%%
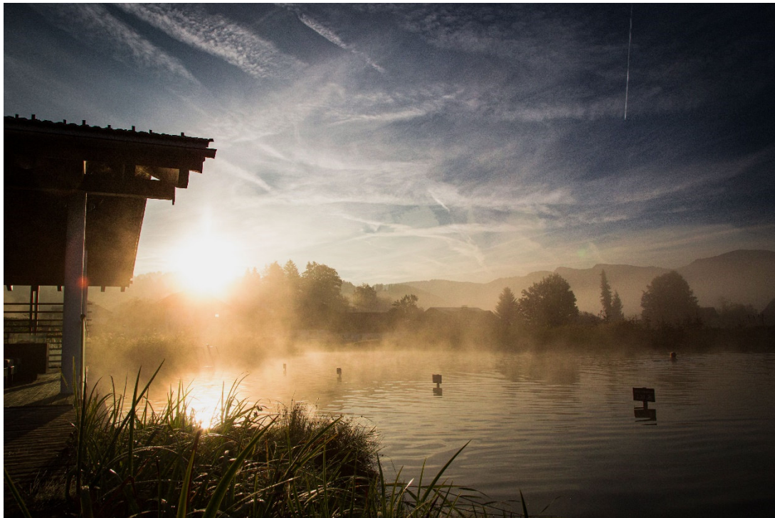
Wasser fürs Wohlbefinden: Das Haubers Naturresort bietet im „Haus am See“ naturnahes Schwimmerlebnis im eigenen Badeteich. ©Haubers Naturresort

Gastgeber, die die allgäutypische Offenheit gegenüber der Kraft der Natur leben.
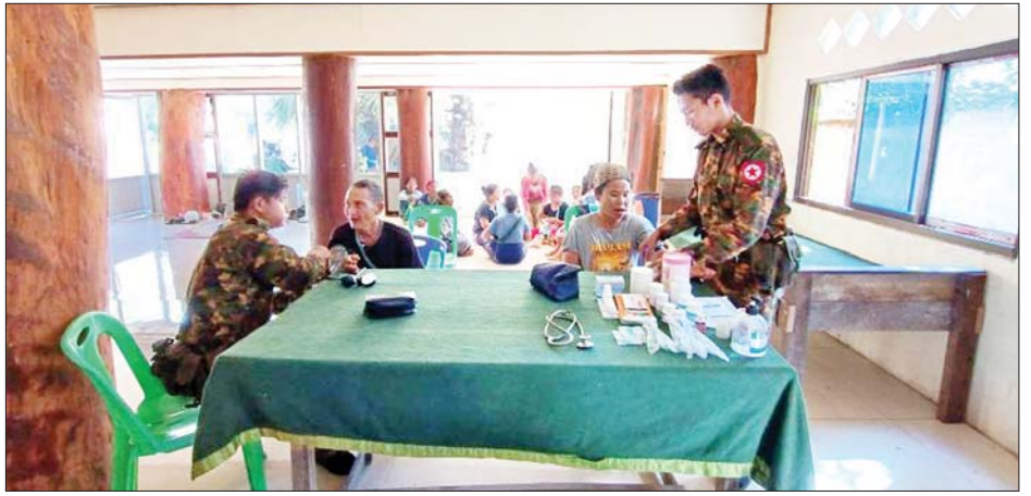
သေဘောဘိုးကျေးရွာနှင့် ဘလက်ဒိုကျေးရွာသို့ ပြန်လည်ဝင်ရောက်လာသည့် ပြည်သူများကို ကျန်းမာရေးစောင့်ရှောက်မှုများဆောင်ရွက်ပေးစဉ်။

နေပြည်တော် ဒီဇင်ဘာ ၁၀ ကရင်ပြည်နယ်အတွင်းရှိ ဖလူး၊ ကျောက်ခက်၊ သေဘောဘိုး၊ ဝေါလေဒေသတစ်ဝိုက်နှင့် မြဝတီ-ဝေါလေကားလမ်းတစ်လျှောက်တို့အား KNU၊ KNLA မှ အကြမ်းဖက်မှုကို လိုလားသောအဖွဲ့၊ NUG အဖွဲ့နှင့် ၎င်း၏လက်ဝေခံ PDF အမည်ခံအကြမ်းဖက်သမားများက ၂၀၂၂ မေလမှ စတင်ထိန်းချုပ်၍ အဆိုပါ ဒေသတစ်ဝိုက်ရှိ လူနေအိမ်များ၊ ဘာသာရေးဆိုင်ရာ အဆောက်အအုံများ၊ စာသင်ကျောင်းများအတွင်း ဝင်ရောက်နေထိုင်ကာ အဖျက်အမှောင့်လုပ်ငန်းများ လုပ်ဆောင်ခြင်း၊ ခြိမ်းခြောက်ခြင်းများကြောင့် ဒေသခံတိုင်းရင်းသားများ အနေဖြင့် ဘေးလွတ်ရာ နေရာများသို့ ခေတ္တထွက်ပြေးတိမ်းရှောင်လျက်ရှိ သည်။
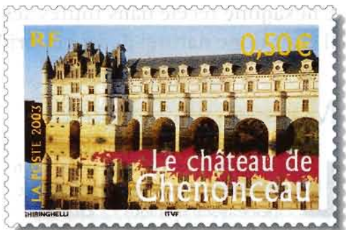
Photo : Sunset – Marge Graveur du poinçon du timbre pour le document philatélique : Yves Beaujard Imprimé en : héliogravure Couleurs : polychrome Format : horizontal 35 x 22 Valeur faciale : 0,50 €
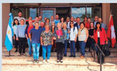
Reunión de F.A.S.R.A.
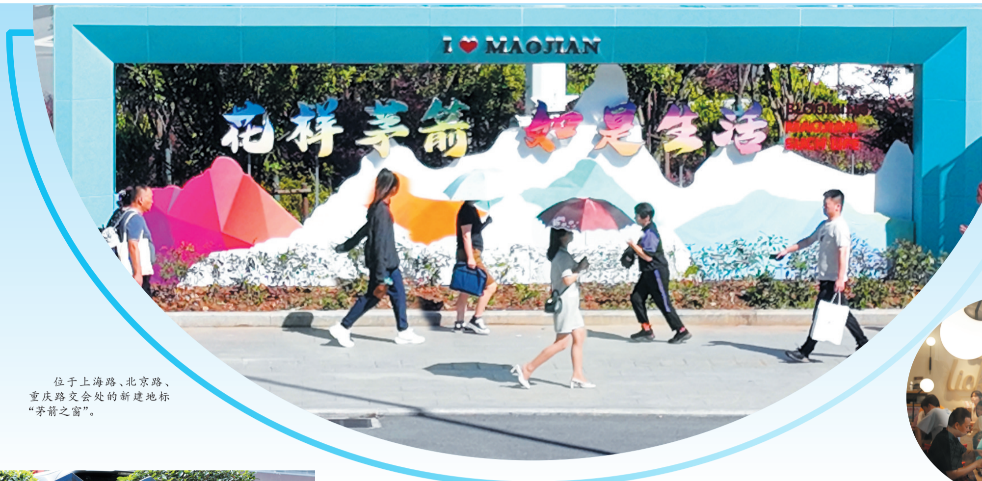
位于上海路、北京路、重庆路交会处的新建地标“茅箭之窗”。
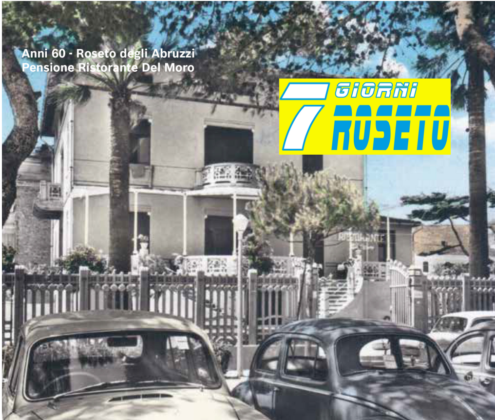
Anni 60 - Roseto degli Abruzzi Pensione Ristorante Del Moro
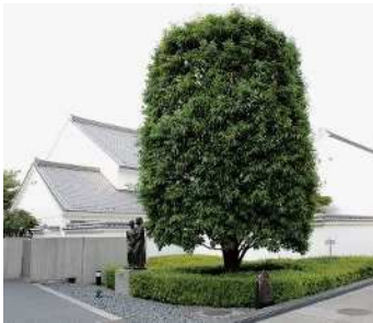
市の木 かし (昭和 57 年制定)
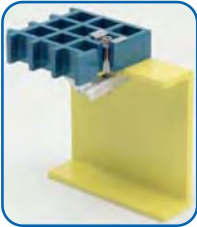
KLIPP TYP DS40/9
%%
▸ **Assignment**:
Could you give again precisely the lines from the one containing "Photo : Sunset" through the final line of the material above, both included, and no others, dropping the pictures?

▸ **Problem solution**:
Photo : Sunset – Marge Graveur du poinçon du timbre pour le document philatélique : Yves Beaujard Imprimé en : héliogravure Couleurs : polychrome Format : horizontal 35 x 22 Valeur faciale : 0,50 €
Reunión de F.A.S.R.A.
位于上海路、北京路、重庆路交会处的新建地标“茅箭之窗”。
Anni 60 - Roseto degli Abruzzi Pensione Ristorante Del Moro
市の木 かし (昭和 57 年制定)
KLIPP TYP DS40/9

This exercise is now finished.